Y-Substitution effects in the crystal field of the trigonal YxRE1-xNi3Ga9 (RE = Tb, Dy, and Ho)

Multipolar ordering arising from the interplay between crystalline electric field (CEF) effects and magnetic interactions has been gaining more attention in 4f systems. In this work, we explore this possibility in the chiral magnets RENi3Ga9 (RE = Tb, Dy and Ho; x = 0.15 and 0.30) through Y-dilution. We present tem-perature-dependence of the M/H curves, isothermal magnetization and heat-capacity experiments. Single crystalline samples grown by Ga self flux allow us to measure the magnetic properties for different crys-tallographic directions.
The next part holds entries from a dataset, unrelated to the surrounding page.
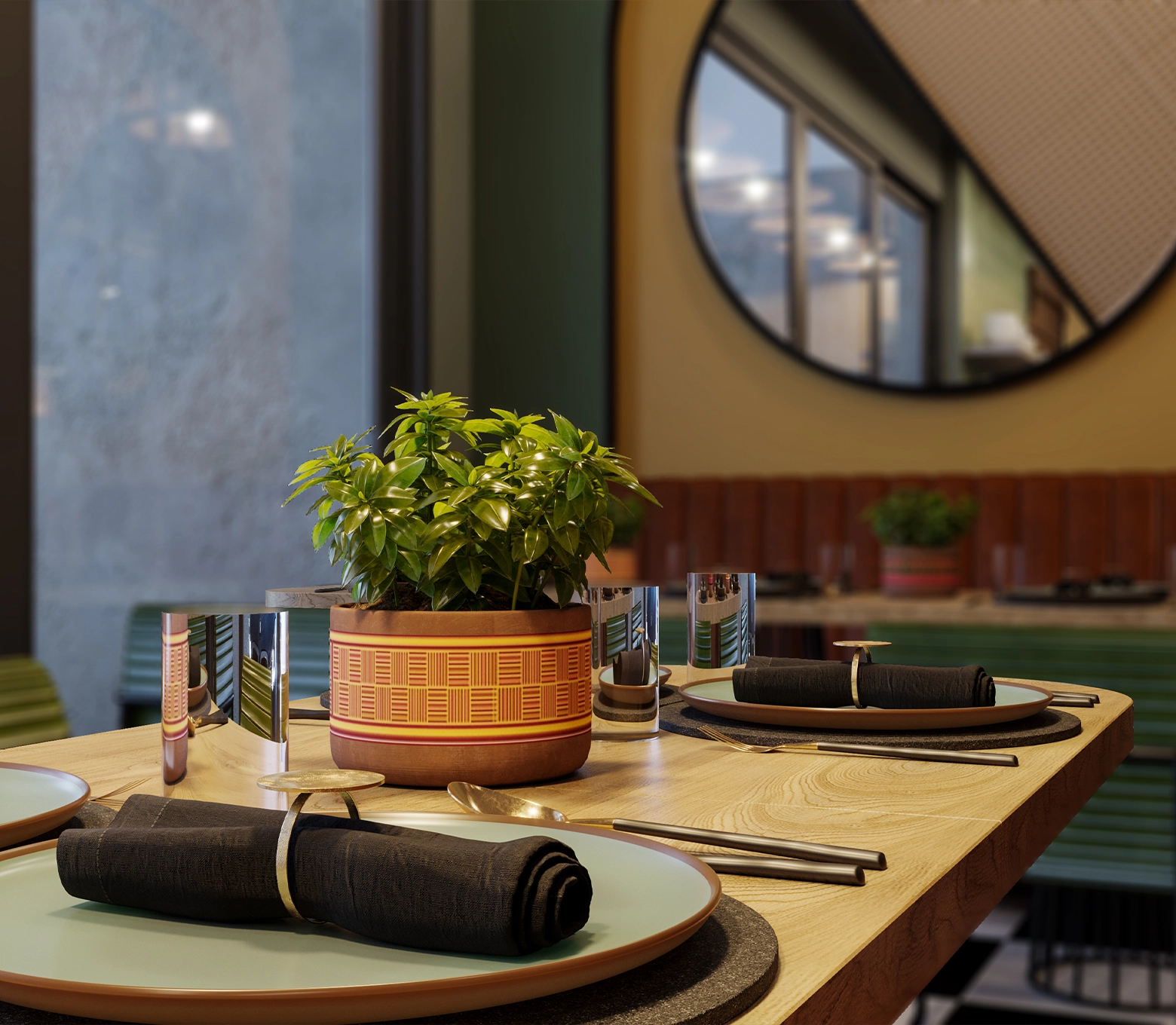 The rooftop lounge offers an exceptional retreat where guests can unwind, enjoy cascading plants, and take in picturesque views. Carefully curated colours and textures throughout the space create a soothing, inviting atmosphere. This project exemplifies how cultural elements, thoughtful design, and functional planning can come together to craft a memorable café experience.
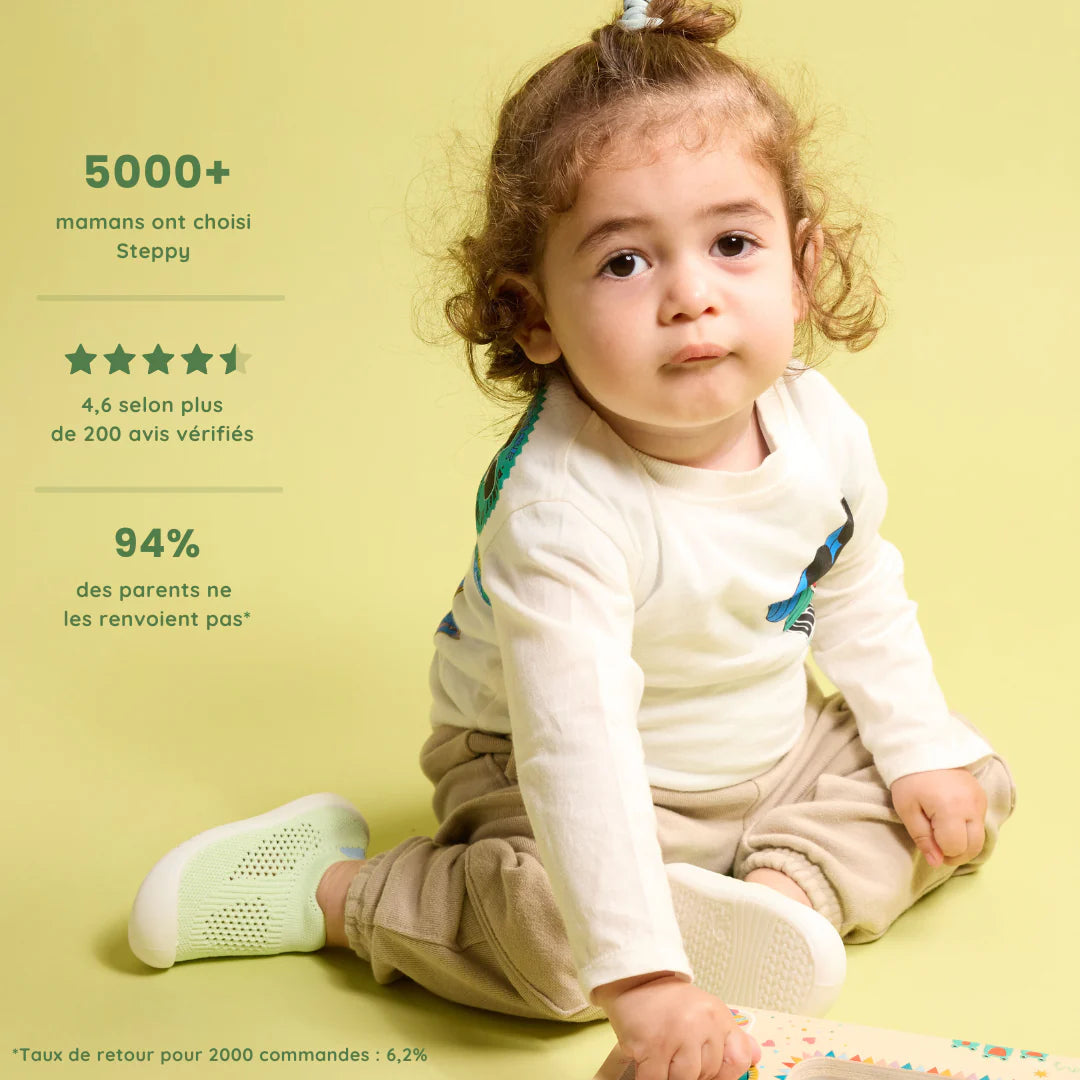Les Pas Doux accompagnent idéalement les enfants dès les premiers pas et jusqu'à 3 ans, couvrant ainsi les besoins des enfants en phase d'apprentissage de la marche jusqu'aux jeux dynamiques.Elles offrent une base optimale pour le développement et la motricité, conçues spécifiquement pour encourager le mouvement naturel du pied à chaque étape de la croissance.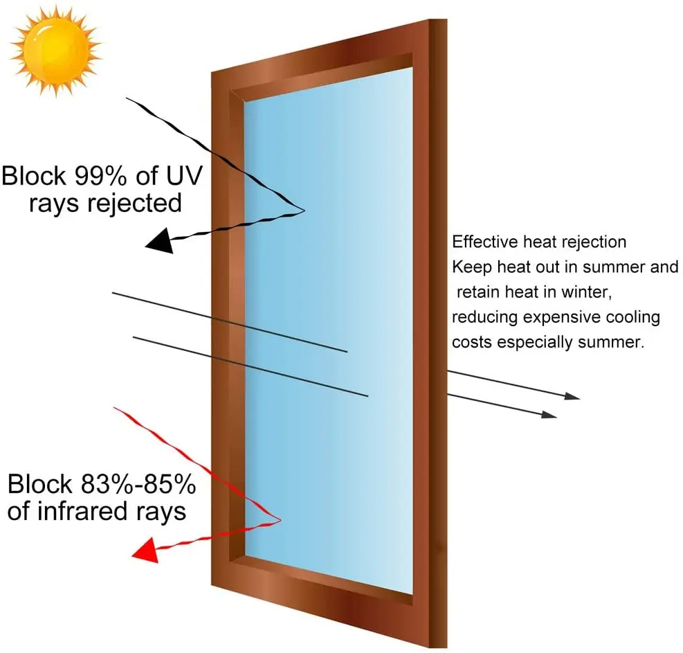 Наша DIY статическая пленка с отличным теплоизоляционным эффектом может эффективно блокировать УФ-лучи и тем временем держать комнатную температуру вниз.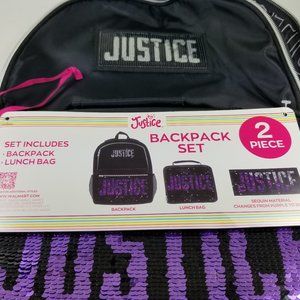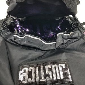 Justice reversible Sequin Backpack and Lunch Tote 2-Piece Black Purple Silver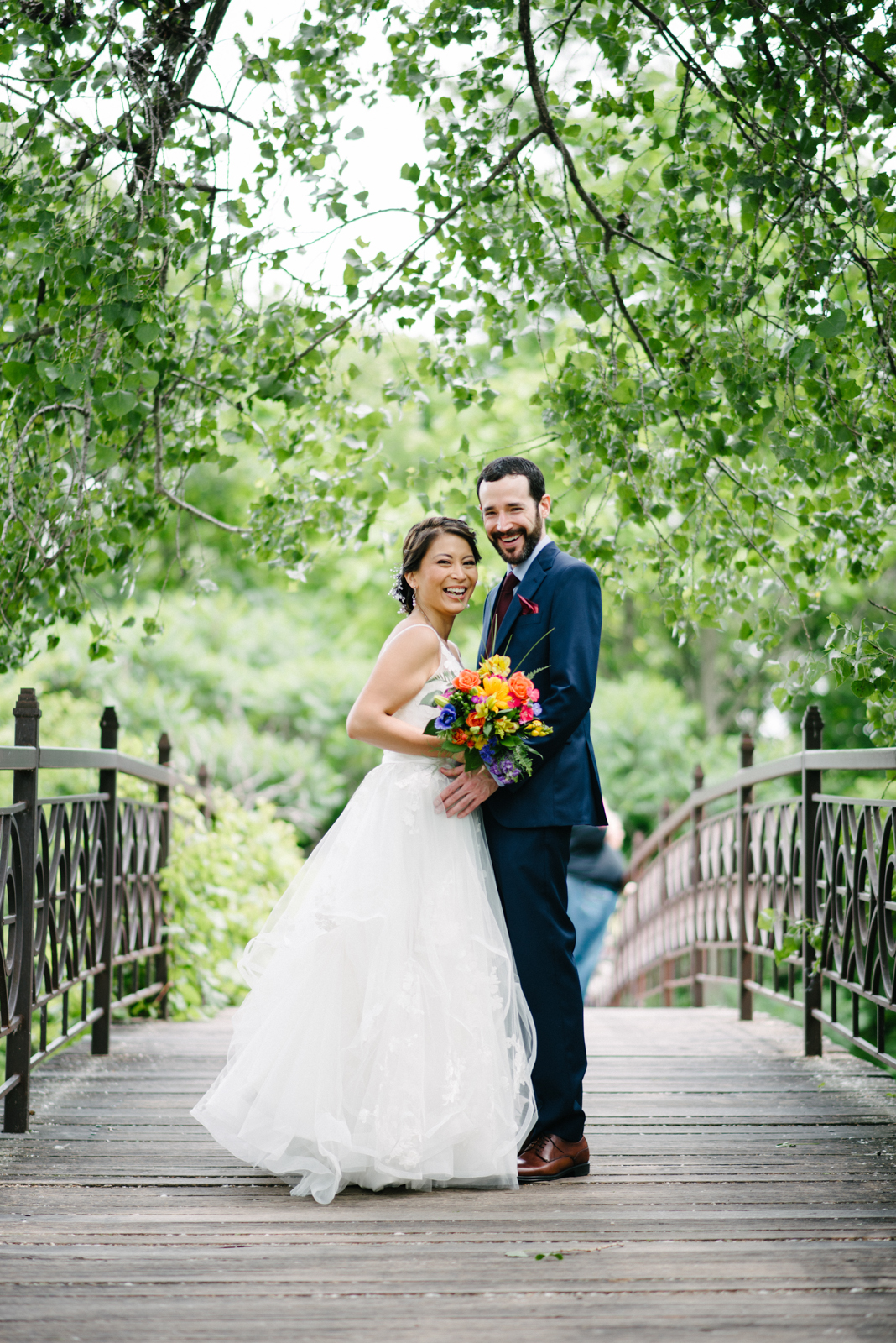 DESCRIBE YOUR WEDDING FLOWERS: With less than a week before the wedding, we went to the florist for a bouquet. I told her my life had been influenced by a colorful array of people and experiences, so I’d love to have a bright variety. She looked down at my rainbow shoelaces and said, “You do like color.” I picked up the bouquet on the morning of the wedding and was not disappointed!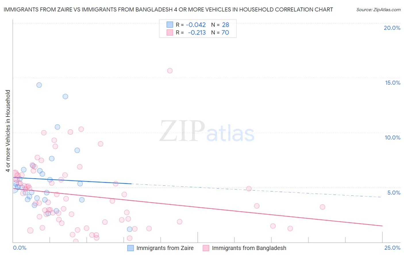 Immigrants from Zaire vs Immigrants from Bangladesh 4 or more Vehicles in Household Correlation Chart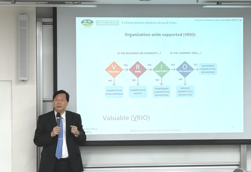 這堂課可以重新檢視企業體質與長遠發展方向,也可以學習資源配置的藝術,許多學員在互動環節中表示深受啟發。王正坤醫師表示,如果太專注於擴張速度,忽略內部資源是否具備VRIO條件,就會逐漸失去競爭力。

X-ray diffraction patterns analyzed by Rietveld method indicate that all samples crystallize in a trigonal ErNi3Al9-type structure with space group R32. Our results are consistent with an antiferromagnetic order with transition temperatures TN < 20 K for all the studied samples, which decrease gradually with Y-substitution. By using a mean field model including anisotropic near-and next-near-neighbors magnetic interactions and the trigonal CEF Hamiltonian, we are able to study in detail the evolution of the crystal-field scheme and magnetic couplings for these compounds. We show that the spatial charge distribution between the compounds are in agreement, increasing the confidence of the obtained CEF schemes. Finally, we compare our fittings with disorder simulations assuming that CEF effects should not evolve as a function of Y-substitution. Our results show that only disorder effects do not fully describe the experimental data, which may indicate that quadrupolar degrees of freedom indeed have a role in the magnetic properties of this family.(c) 2023 Elsevier B.V. All rights reserved.

Automated summary

In this study, the possibility of multipolar ordering in chiral magnets RENi3Ga9 (RE = Tb, Dy and Ho; x = 0.15 and 0.30) is explored through Y-dilution. Experimental results show that all samples crystallize in a trigonal ErNi3Al9-type structure, and the transition temperatures TN are all below 20 K, decreasing gradually with Y-substitution.